DATA PROVIDED section start

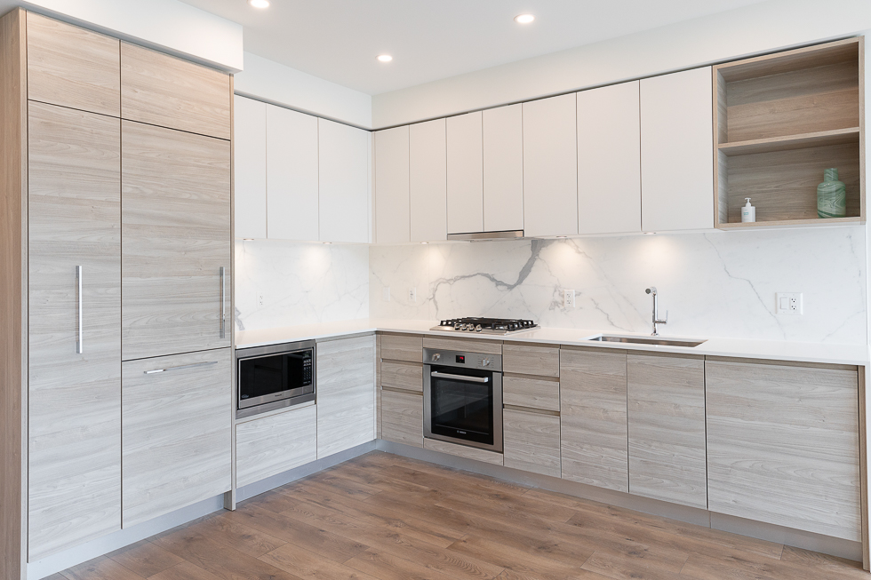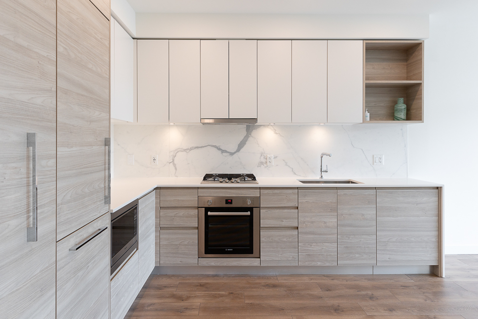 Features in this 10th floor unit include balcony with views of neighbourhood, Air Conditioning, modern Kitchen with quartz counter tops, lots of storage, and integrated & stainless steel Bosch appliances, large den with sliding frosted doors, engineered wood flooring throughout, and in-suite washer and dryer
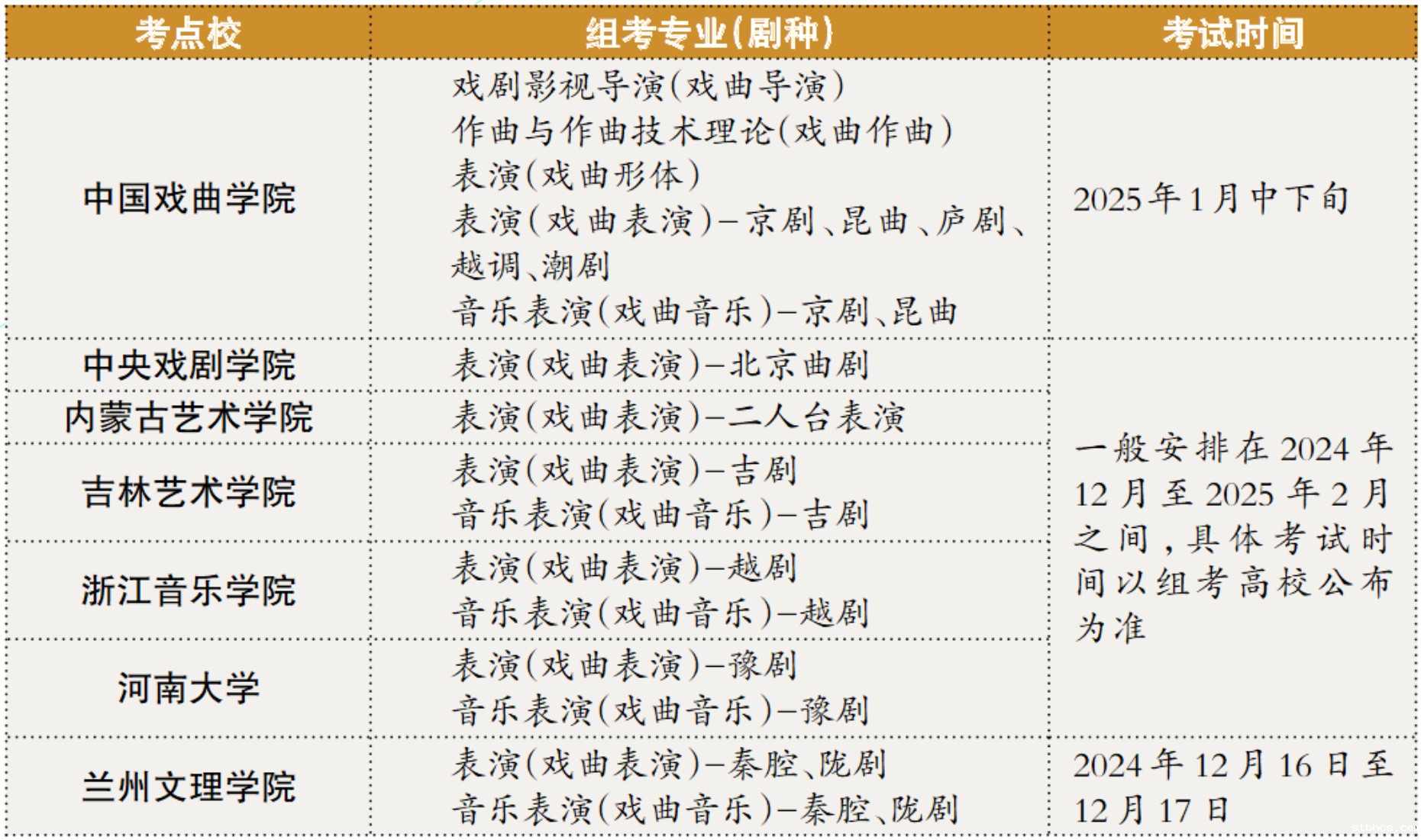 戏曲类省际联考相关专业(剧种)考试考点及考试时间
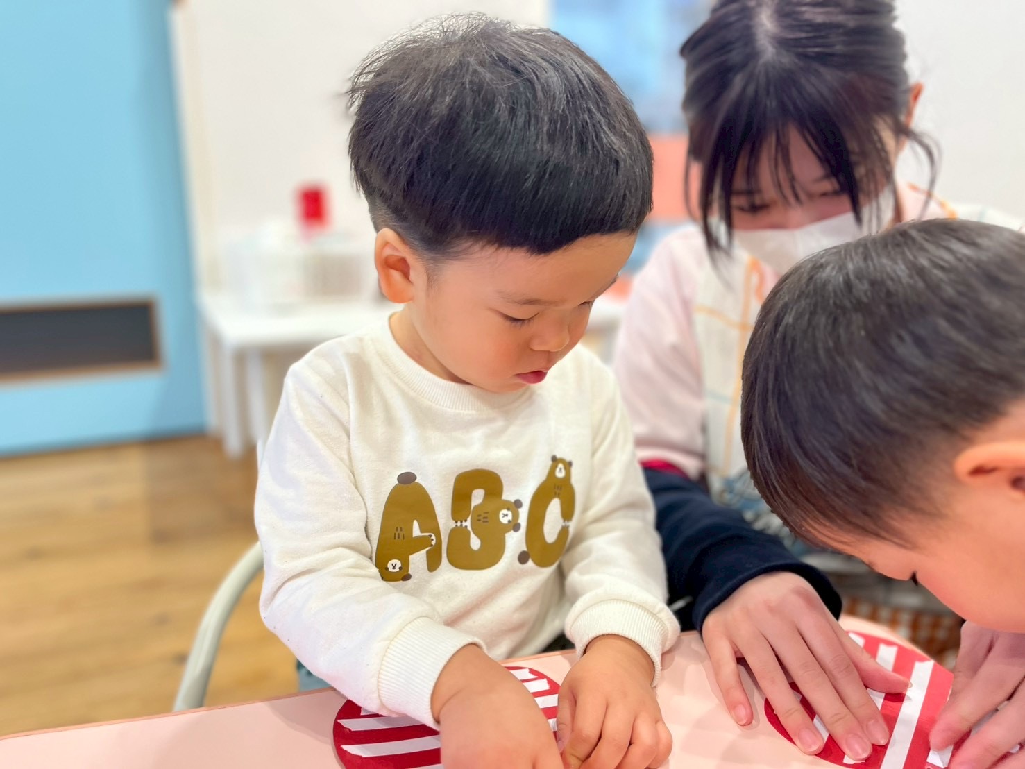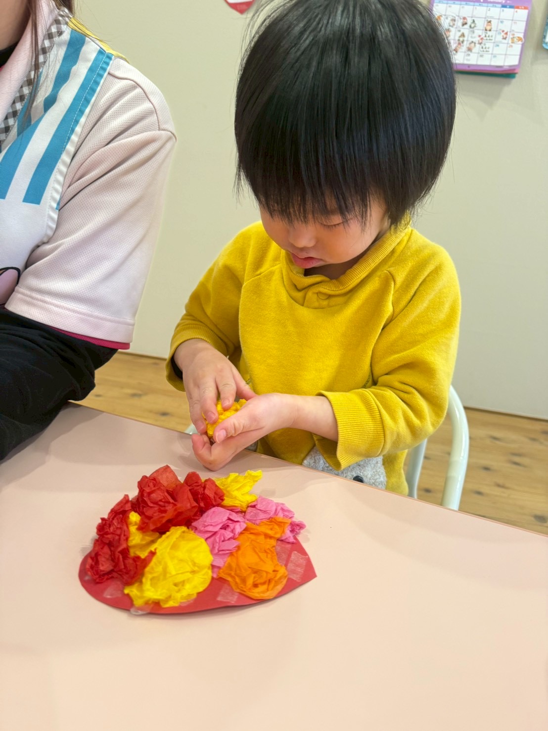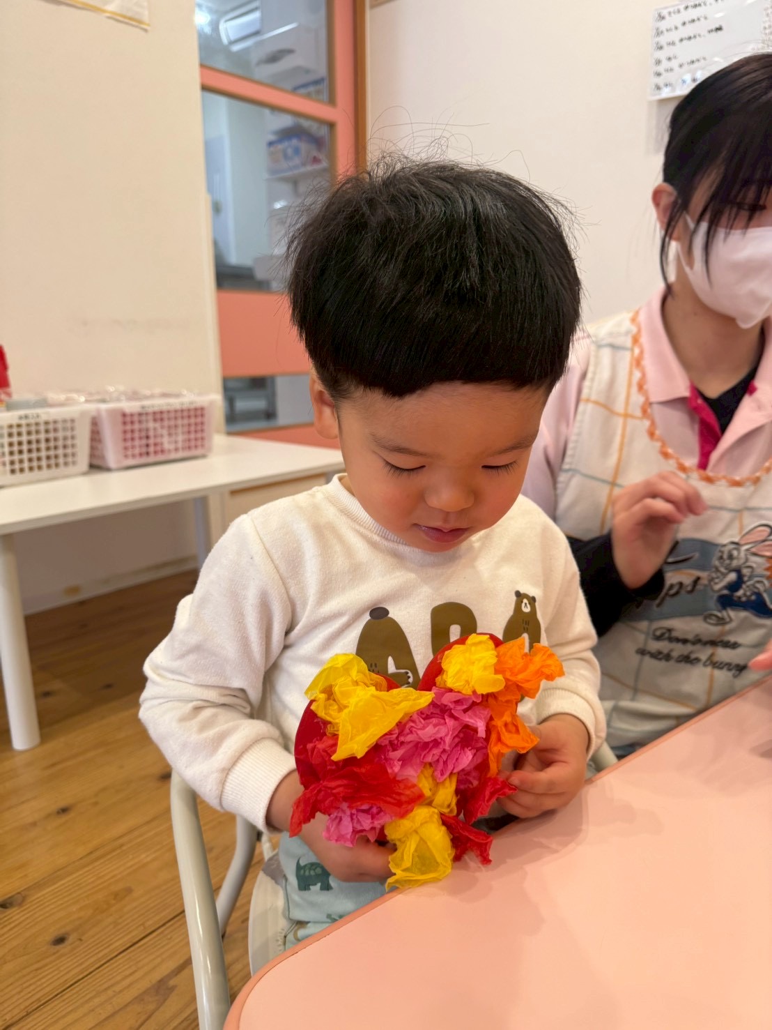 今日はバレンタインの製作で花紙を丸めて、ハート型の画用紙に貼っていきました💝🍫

DATA PROVIDED section end

INSTRUCTIONS TO FOLLOW:
Pictures excluded, quote all the data above exactly.

EXERCISE RESPONSE:
 Features in this 10th floor unit include balcony with views of neighbourhood, Air Conditioning, modern Kitchen with quartz counter tops, lots of storage, and integrated & stainless steel Bosch appliances, large den with sliding frosted doors, engineered wood flooring throughout, and in-suite washer and dryer
 戏曲类省际联考相关专业(剧种)考试考点及考试时间
 今日はバレンタインの製作で花紙を丸めて、ハート型の画用紙に貼っていきました💝🍫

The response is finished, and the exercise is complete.